WHAT TO WORK ON: The answer is the data repeated in full, with no pictures included.

*** DATA FOR THE TASK ***

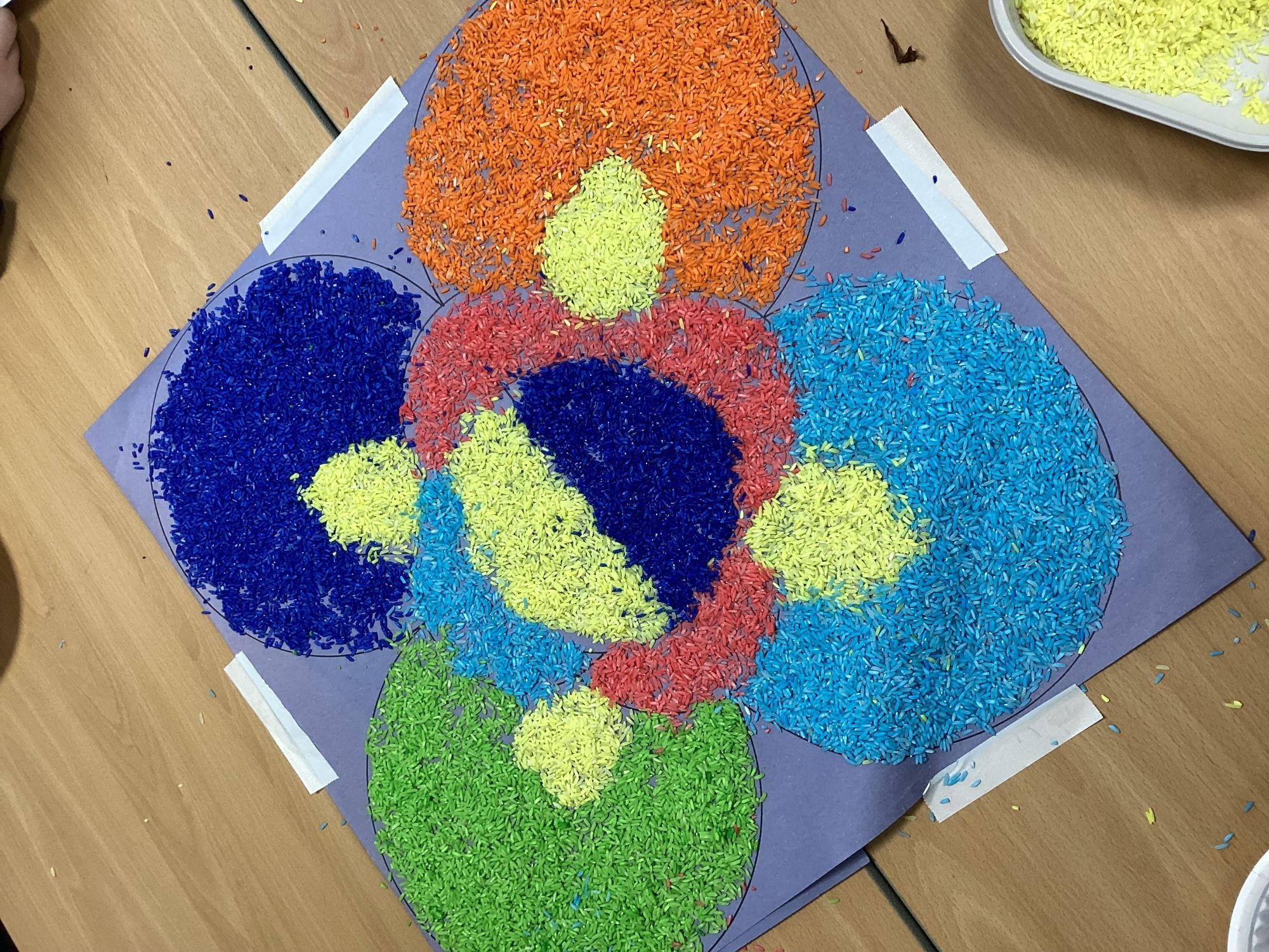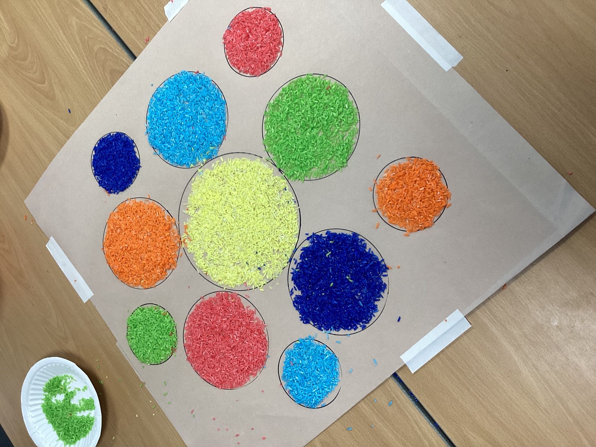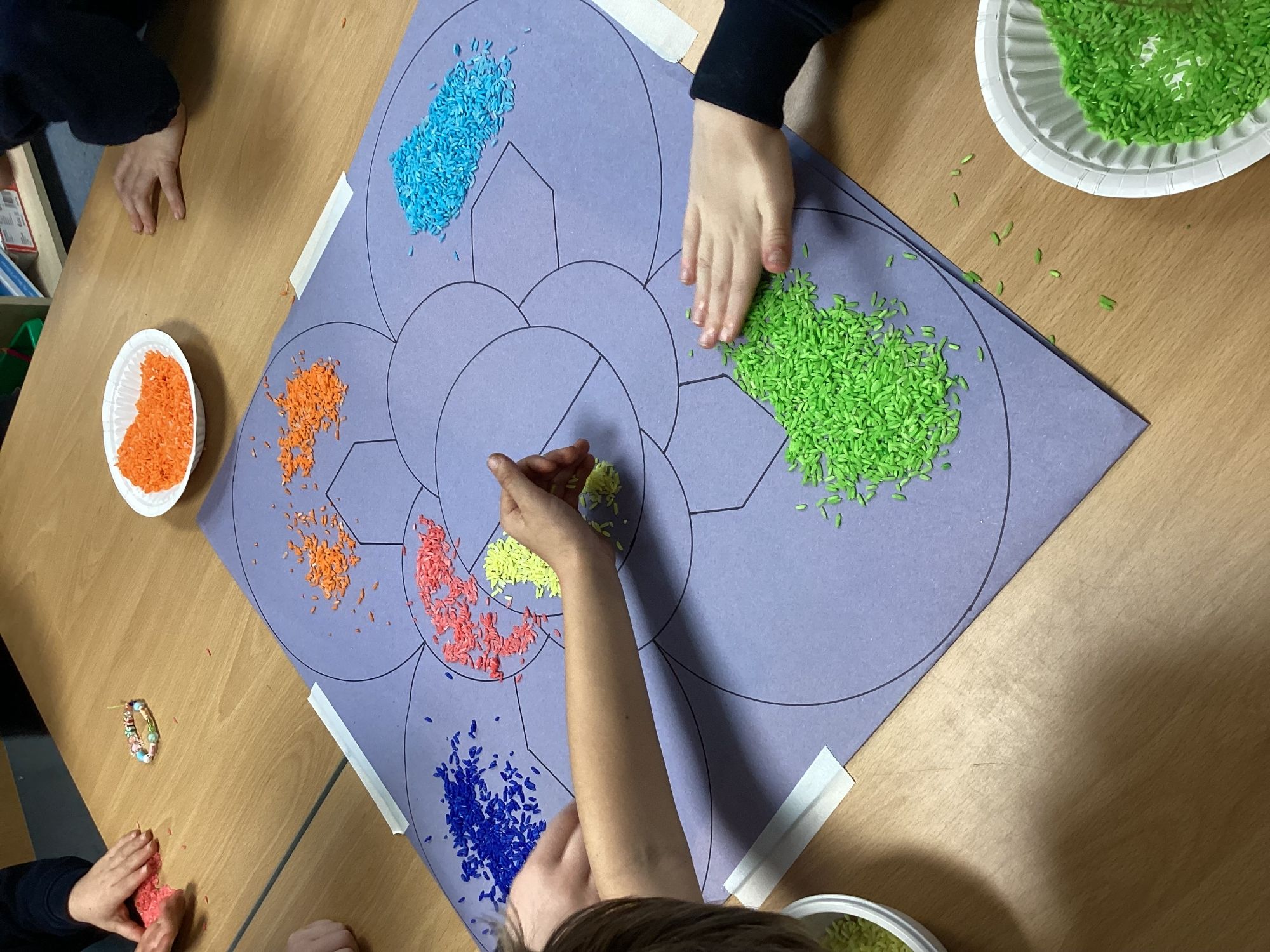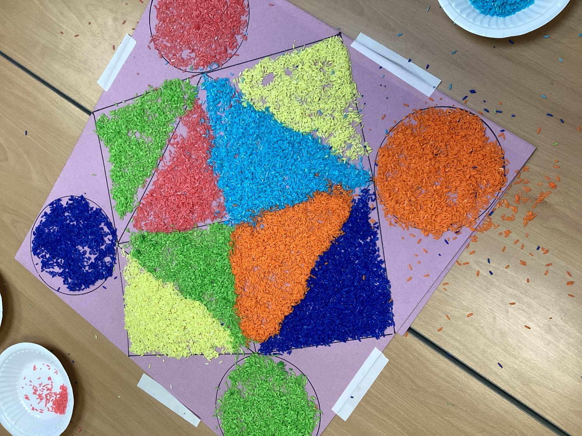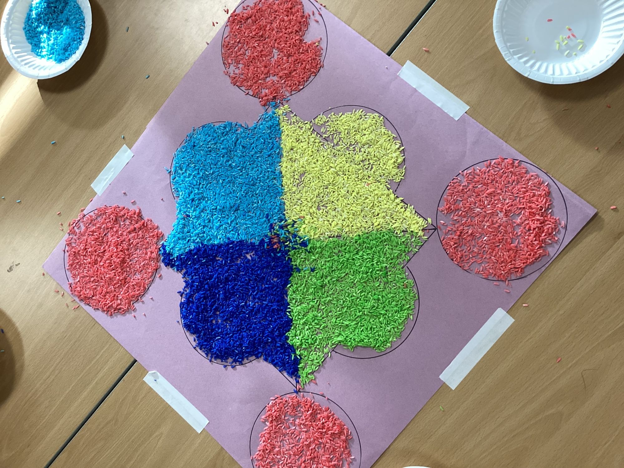We have been learning about Diwali and made these Rangoli patterns from coloured rice.
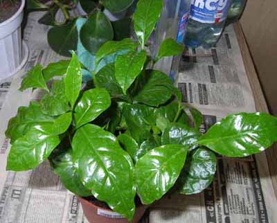 В общем так. Купила семена "Кофе арабика". БКак сказала продавщица, семена получили вчера (т.е. самые свежие). Купила сразу 5 упаковок (наслышана о долгом их прорастании). Посадила часть под плёнку на гидропонику и поставила в темноту. Затем уверенно о них забыла ... ----- Другую часть (примерно 5 штучек) посадила обычным методом. Семена через неделю частично позеленели и немного почернел другой кончик. Ещё через неделю семена загнили. Перед посадкой - не обрабатывала. ----- Всходы появились через месяц. Точнее 37 дней. Из тех, что были в темноте. И сразу почти все и дружно. Стебли естесственно от темноты стали длинными. Сейчас в горшочке 16 штук!!! Сегодня попробую произвести пересадку. В горшок на 1,5 литра высажу 4-5 растения, самых крепких. Остальные немного разряжу и оставлю в старой кадке. Может кому-то и отдам часть... (Есть тут Ростовчане?). Пока незнаю, получится или нет ... Технологию их пересадки я не знаю. Корни тревожить или нет? Каким образом происходит их пересадка? Подскажите! Землю уже приготовила. Цветочная рН 5,5-6,5, N-300-550, K-300-550, фосфора не помню. Растение очень требовательно к азоту. ---- Задавайте вопросы ...
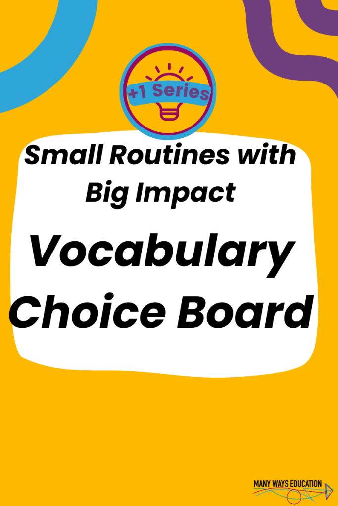 As per usual, this routine should be adapted to meet the needs of your learners but next time you are looking for a different way to review vocabulary words, have a go at this vocabulary choice board. Leave a comment below to tell us how it went. Remember it is about just adding one small change or addition to your instruction.
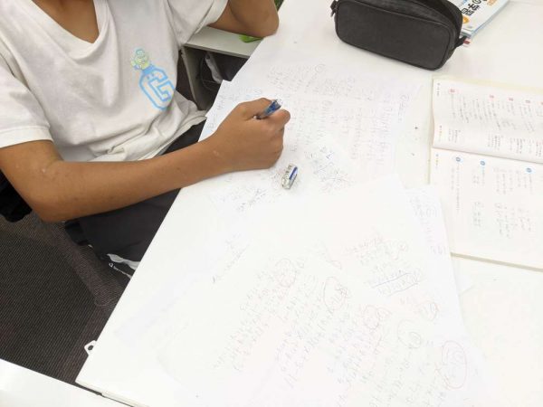 ↑テスト対策中の一コマ。ミスがなくなるまで、繰り返し学習。机に計算用紙があふれるまで、何度も繰り返し練習中です!
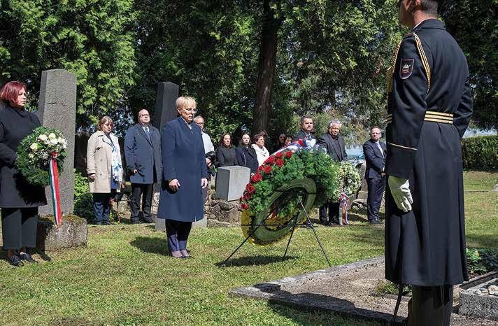 Nataša Pirc Musar, szlovén köztársasági elnök a hosszúfalusi temetőben koszorújával tiszteleg a holokauszt áldozatainak emléke előtt.

***

ANSWER FOR THE TASK:
We have been learning about Diwali and made these Rangoli patterns from coloured rice.
 В общем так. Купила семена "Кофе арабика". БКак сказала продавщица, семена получили вчера (т.е. самые свежие). Купила сразу 5 упаковок (наслышана о долгом их прорастании). Посадила часть под плёнку на гидропонику и поставила в темноту. Затем уверенно о них забыла ... ----- Другую часть (примерно 5 штучек) посадила обычным методом. Семена через неделю частично позеленели и немного почернел другой кончик. Ещё через неделю семена загнили. Перед посадкой - не обрабатывала. ----- Всходы появились через месяц. Точнее 37 дней. Из тех, что были в темноте. И сразу почти все и дружно. Стебли естесственно от темноты стали длинными. Сейчас в горшочке 16 штук!!! Сегодня попробую произвести пересадку. В горшок на 1,5 литра высажу 4-5 растения, самых крепких. Остальные немного разряжу и оставлю в старой кадке. Может кому-то и отдам часть... (Есть тут Ростовчане?). Пока незнаю, получится или нет ... Технологию их пересадки я не знаю. Корни тревожить или нет? Каким образом происходит их пересадка? Подскажите! Землю уже приготовила. Цветочная рН 5,5-6,5, N-300-550, K-300-550, фосфора не помню. Растение очень требовательно к азоту. ---- Задавайте вопросы ...
 As per usual, this routine should be adapted to meet the needs of your learners but next time you are looking for a different way to review vocabulary words, have a go at this vocabulary choice board. Leave a comment below to tell us how it went. Remember it is about just adding one small change or addition to your instruction.
 ↑テスト対策中の一コマ。ミスがなくなるまで、繰り返し学習。机に計算用紙があふれるまで、何度も繰り返し練習中です!
 Nataša Pirc Musar, szlovén köztársasági elnök a hosszúfalusi temetőben koszorújával tiszteleg a holokauszt áldozatainak emléke előtt.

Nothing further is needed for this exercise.